§ **DATA UNDER STUDY**:
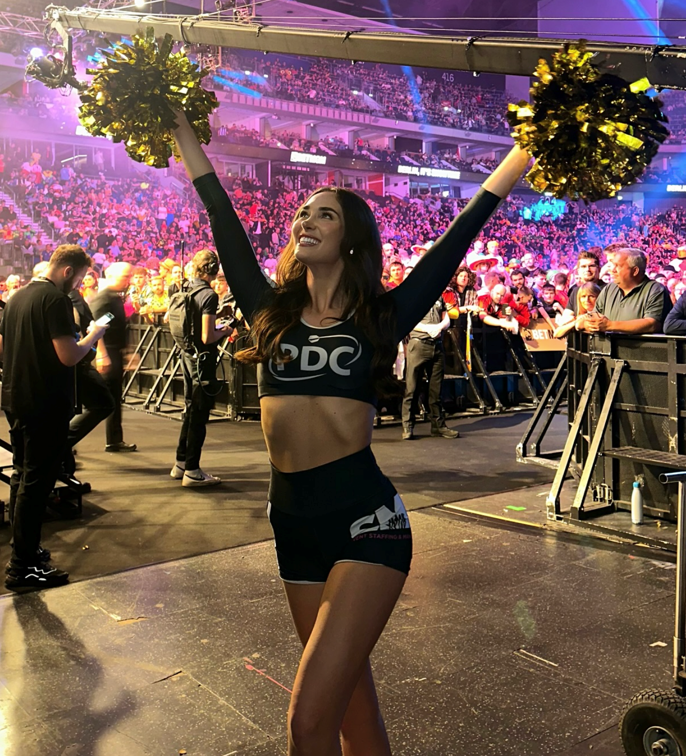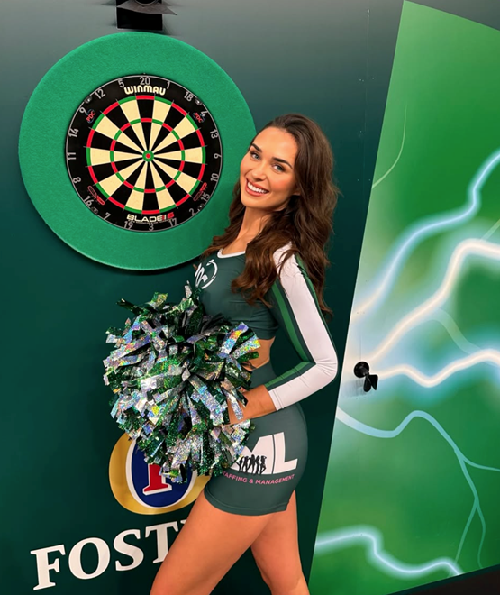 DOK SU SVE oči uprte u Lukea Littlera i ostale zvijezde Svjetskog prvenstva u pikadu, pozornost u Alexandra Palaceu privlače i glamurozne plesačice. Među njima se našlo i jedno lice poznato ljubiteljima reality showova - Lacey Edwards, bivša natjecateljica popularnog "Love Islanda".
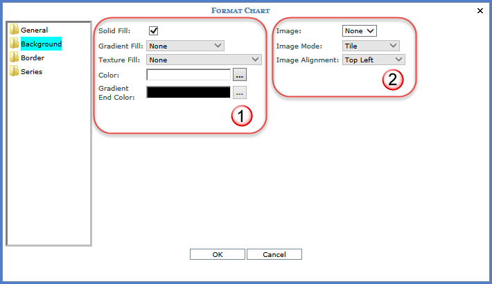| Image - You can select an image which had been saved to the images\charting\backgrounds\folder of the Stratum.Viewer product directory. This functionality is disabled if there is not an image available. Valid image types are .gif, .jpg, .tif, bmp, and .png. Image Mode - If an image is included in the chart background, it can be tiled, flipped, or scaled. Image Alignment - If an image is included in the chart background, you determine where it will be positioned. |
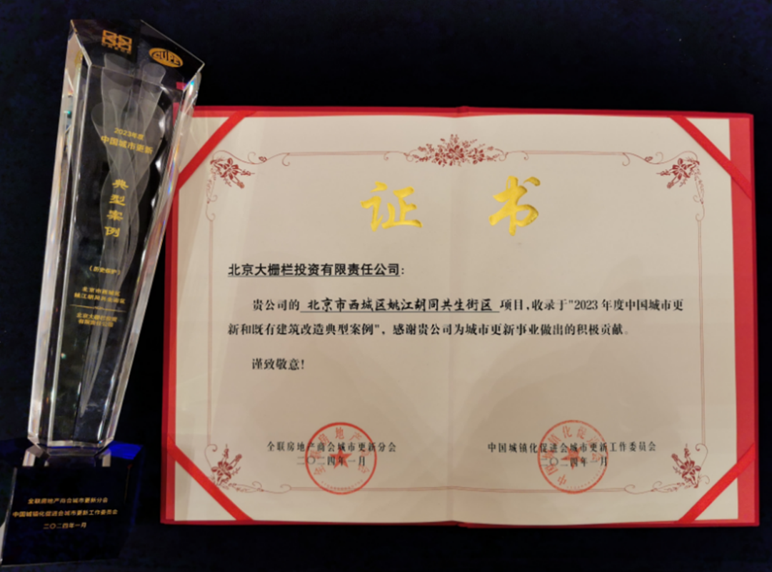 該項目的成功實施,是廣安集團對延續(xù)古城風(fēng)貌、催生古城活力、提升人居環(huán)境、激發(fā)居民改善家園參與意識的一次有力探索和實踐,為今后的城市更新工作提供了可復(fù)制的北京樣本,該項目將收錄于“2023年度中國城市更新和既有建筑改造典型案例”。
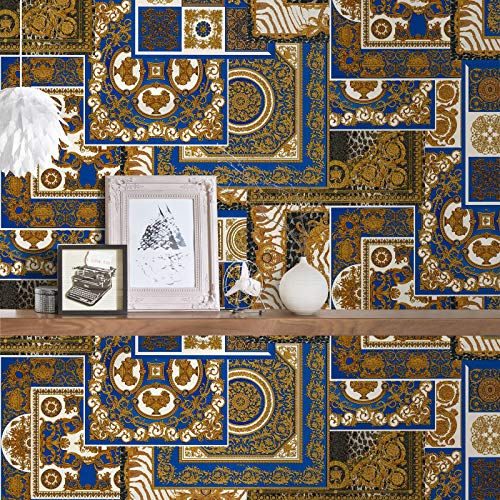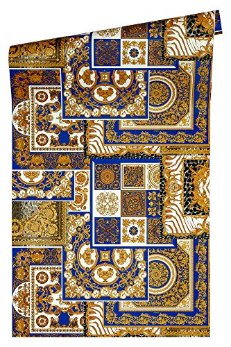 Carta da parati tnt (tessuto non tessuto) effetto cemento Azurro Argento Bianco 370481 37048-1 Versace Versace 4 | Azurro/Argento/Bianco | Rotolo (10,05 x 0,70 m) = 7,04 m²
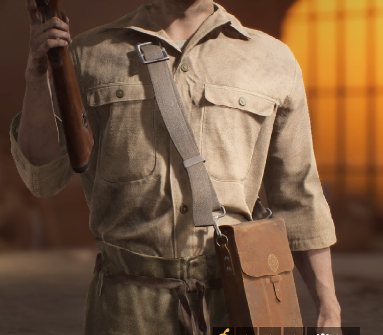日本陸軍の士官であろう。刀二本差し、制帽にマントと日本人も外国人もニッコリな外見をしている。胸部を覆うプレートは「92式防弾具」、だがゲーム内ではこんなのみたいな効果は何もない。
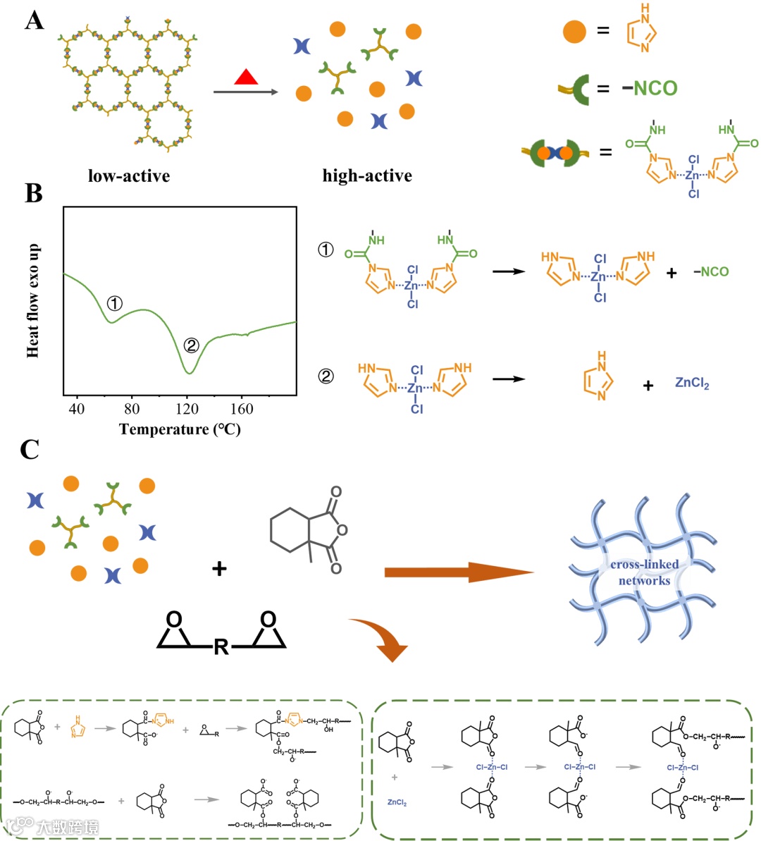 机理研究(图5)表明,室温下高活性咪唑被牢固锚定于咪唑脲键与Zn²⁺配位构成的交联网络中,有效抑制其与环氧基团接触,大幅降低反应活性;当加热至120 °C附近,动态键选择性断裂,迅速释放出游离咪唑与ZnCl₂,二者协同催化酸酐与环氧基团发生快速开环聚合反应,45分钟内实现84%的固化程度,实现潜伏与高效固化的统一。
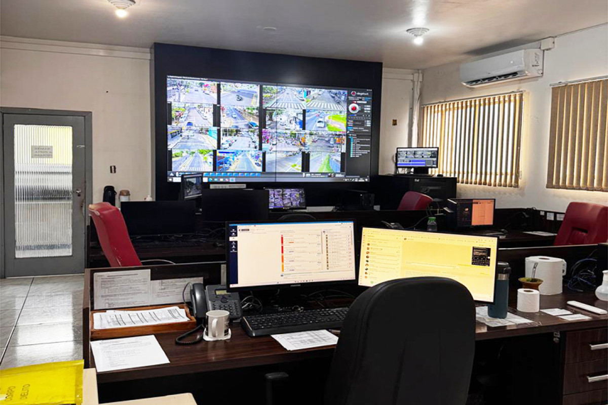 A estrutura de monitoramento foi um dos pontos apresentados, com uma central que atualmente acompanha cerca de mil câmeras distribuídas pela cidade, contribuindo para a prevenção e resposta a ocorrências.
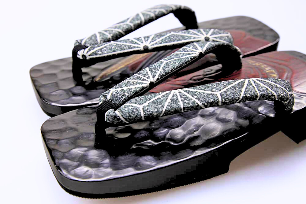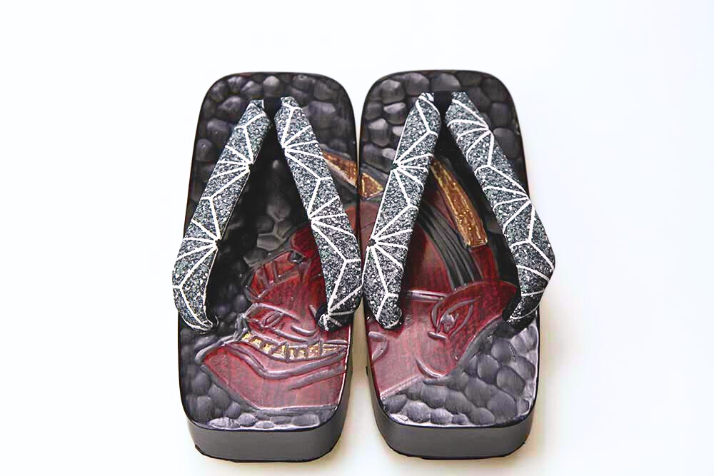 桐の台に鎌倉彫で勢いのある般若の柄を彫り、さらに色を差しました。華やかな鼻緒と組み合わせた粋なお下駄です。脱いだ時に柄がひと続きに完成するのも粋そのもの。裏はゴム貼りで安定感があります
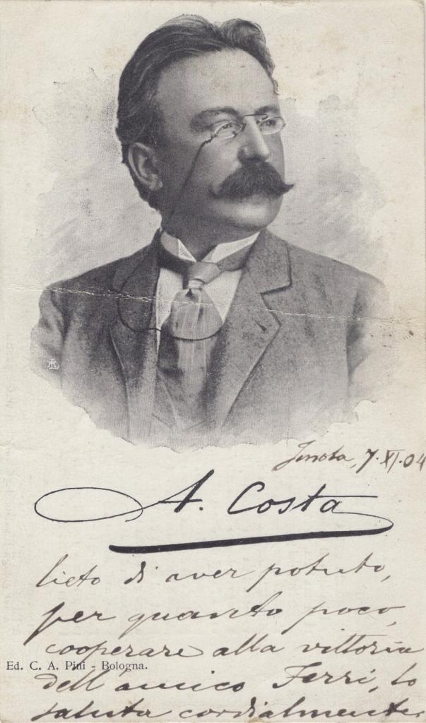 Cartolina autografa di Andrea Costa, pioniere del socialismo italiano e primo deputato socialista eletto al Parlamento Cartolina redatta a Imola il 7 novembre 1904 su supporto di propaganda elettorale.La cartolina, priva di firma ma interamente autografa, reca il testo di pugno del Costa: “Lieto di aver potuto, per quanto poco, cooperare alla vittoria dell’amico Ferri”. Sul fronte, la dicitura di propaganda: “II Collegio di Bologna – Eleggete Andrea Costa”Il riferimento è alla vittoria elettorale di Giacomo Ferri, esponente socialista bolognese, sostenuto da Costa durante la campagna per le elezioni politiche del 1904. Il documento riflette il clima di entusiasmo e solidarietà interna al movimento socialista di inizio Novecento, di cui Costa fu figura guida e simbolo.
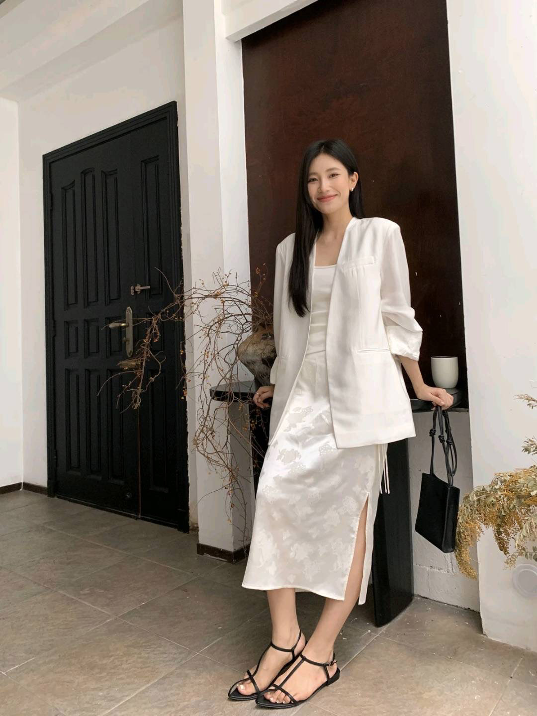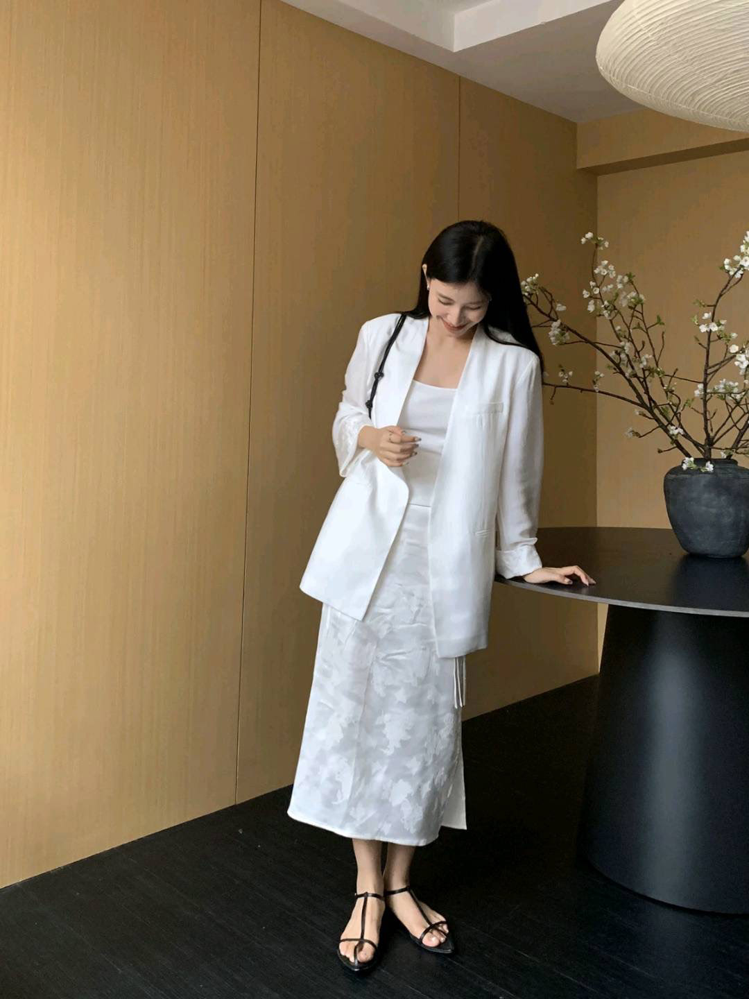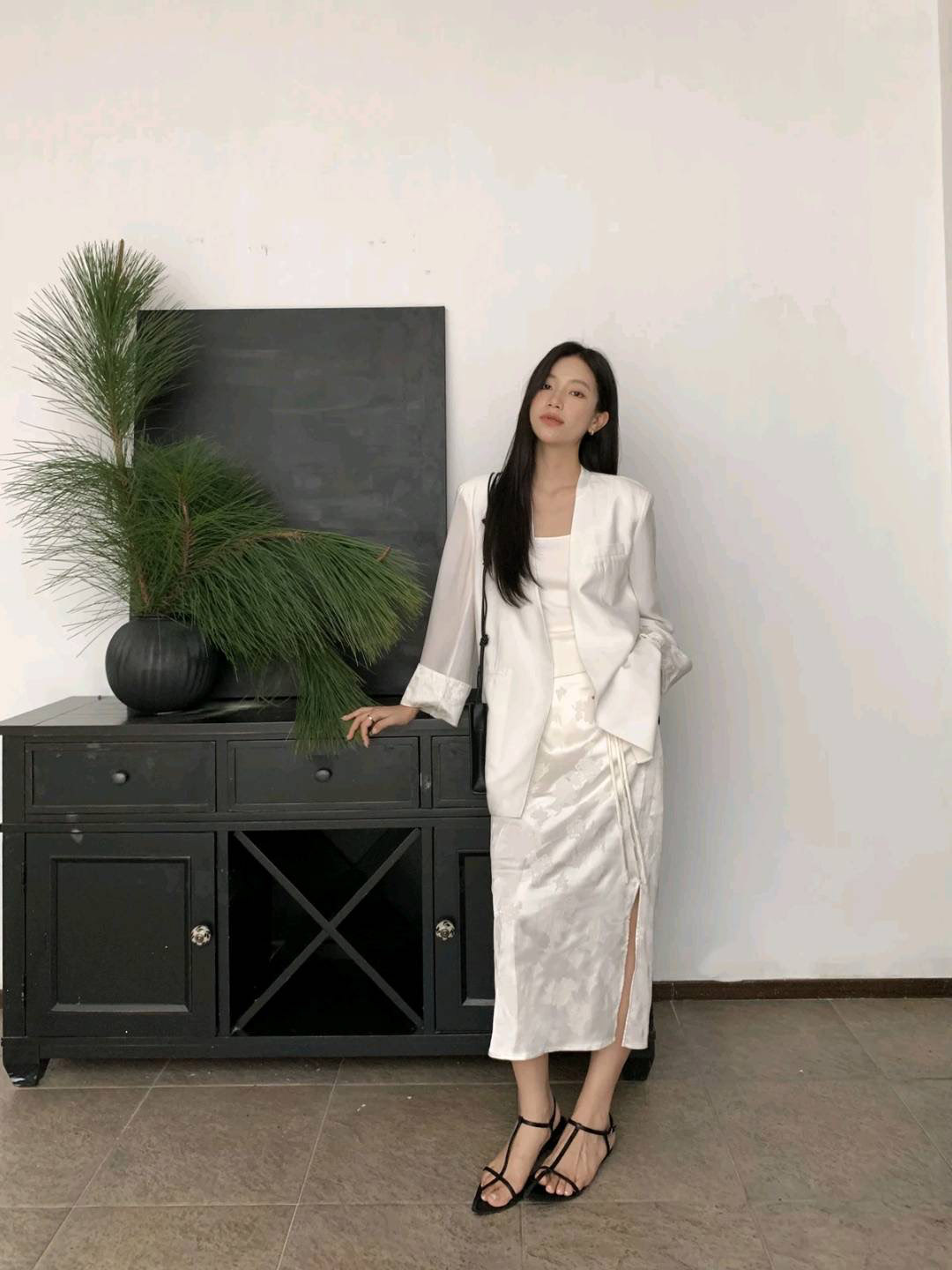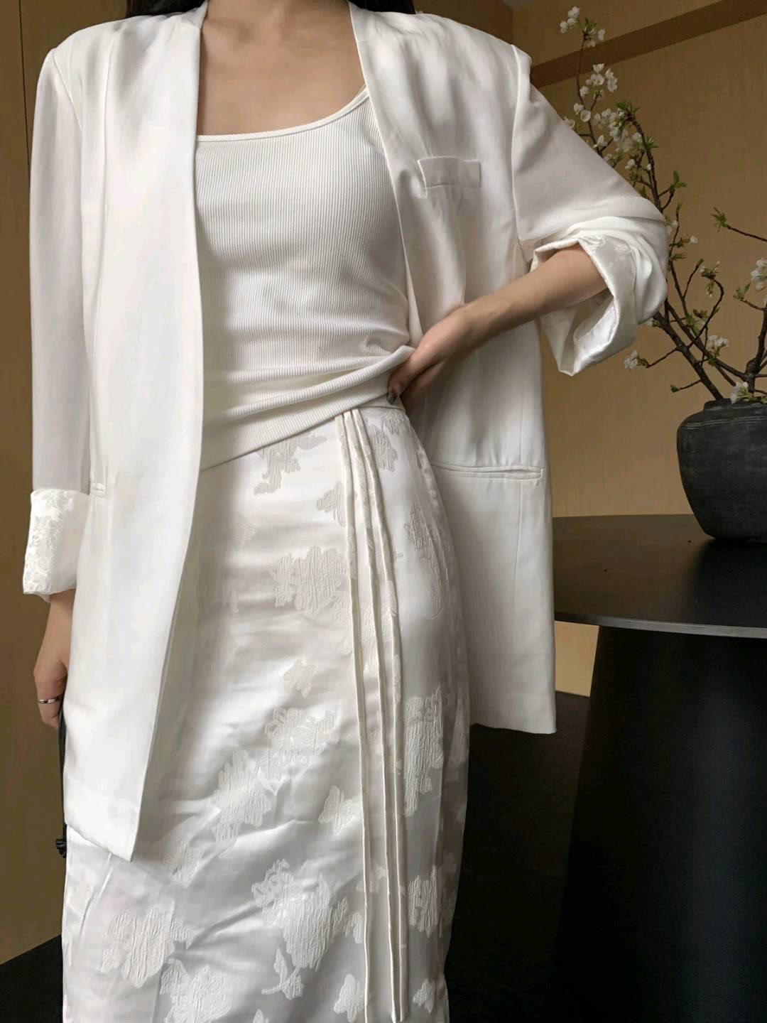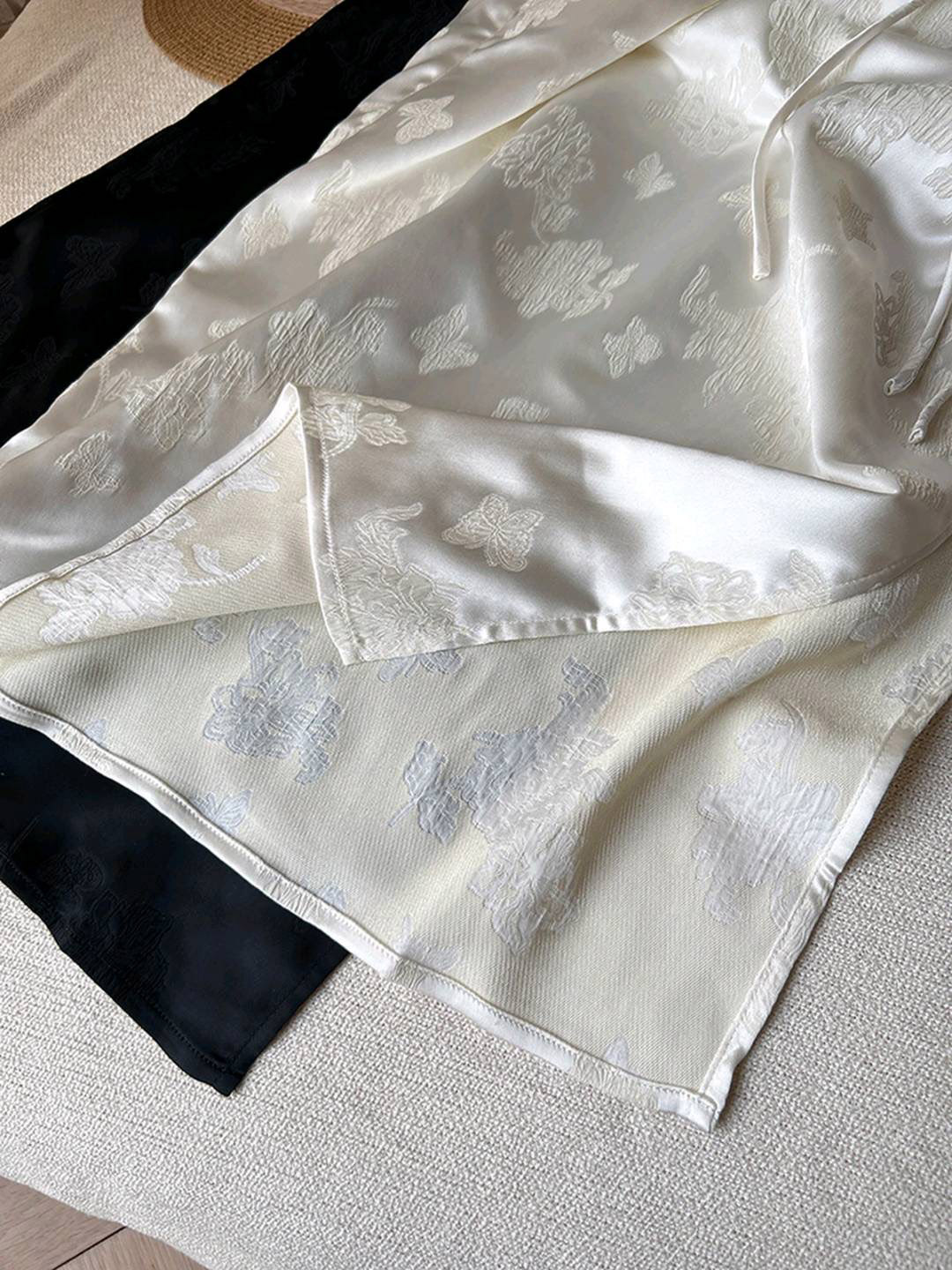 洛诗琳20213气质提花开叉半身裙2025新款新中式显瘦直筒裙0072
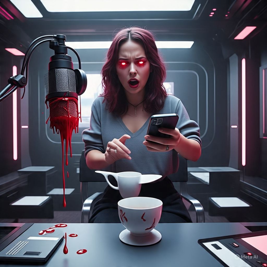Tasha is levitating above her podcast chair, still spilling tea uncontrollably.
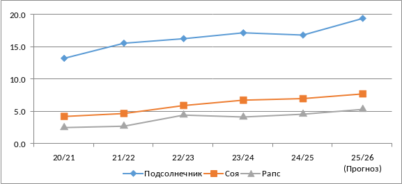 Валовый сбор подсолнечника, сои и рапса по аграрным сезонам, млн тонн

§ **YOUR INSTRUCTIONS**: Leaving each picture behind, please give again exactly the lines above from the one with "be positioned. |" through the one with "桐の台に鎌倉彫で勢いのある般", both included, and no others.

§ **TASK RESPONSE**:
| Image - You can select an image which had been saved to the images\charting\backgrounds\folder of the Stratum.Viewer product directory. This functionality is disabled if there is not an image available. Valid image types are .gif, .jpg, .tif, bmp, and .png. Image Mode - If an image is included in the chart background, it can be tiled, flipped, or scaled. Image Alignment - If an image is included in the chart background, you determine where it will be positioned. |
 該項目的成功實施,是廣安集團對延續(xù)古城風(fēng)貌、催生古城活力、提升人居環(huán)境、激發(fā)居民改善家園參與意識的一次有力探索和實踐,為今后的城市更新工作提供了可復(fù)制的北京樣本,該項目將收錄于“2023年度中國城市更新和既有建筑改造典型案例”。
 Carta da parati tnt (tessuto non tessuto) effetto cemento Azurro Argento Bianco 370481 37048-1 Versace Versace 4 | Azurro/Argento/Bianco | Rotolo (10,05 x 0,70 m) = 7,04 m²
日本陸軍の士官であろう。刀二本差し、制帽にマントと日本人も外国人もニッコリな外見をしている。胸部を覆うプレートは「92式防弾具」、だがゲーム内ではこんなのみたいな効果は何もない。
 机理研究(图5)表明,室温下高活性咪唑被牢固锚定于咪唑脲键与Zn²⁺配位构成的交联网络中,有效抑制其与环氧基团接触,大幅降低反应活性;当加热至120 °C附近,动态键选择性断裂,迅速释放出游离咪唑与ZnCl₂,二者协同催化酸酐与环氧基团发生快速开环聚合反应,45分钟内实现84%的固化程度,实现潜伏与高效固化的统一。
 A estrutura de monitoramento foi um dos pontos apresentados, com uma central que atualmente acompanha cerca de mil câmeras distribuídas pela cidade, contribuindo para a prevenção e resposta a ocorrências.
 桐の台に鎌倉彫で勢いのある般若の柄を彫り、さらに色を差しました。華やかな鼻緒と組み合わせた粋なお下駄です。脱いだ時に柄がひと続きに完成するのも粋そのもの。裏はゴム貼りで安定感があります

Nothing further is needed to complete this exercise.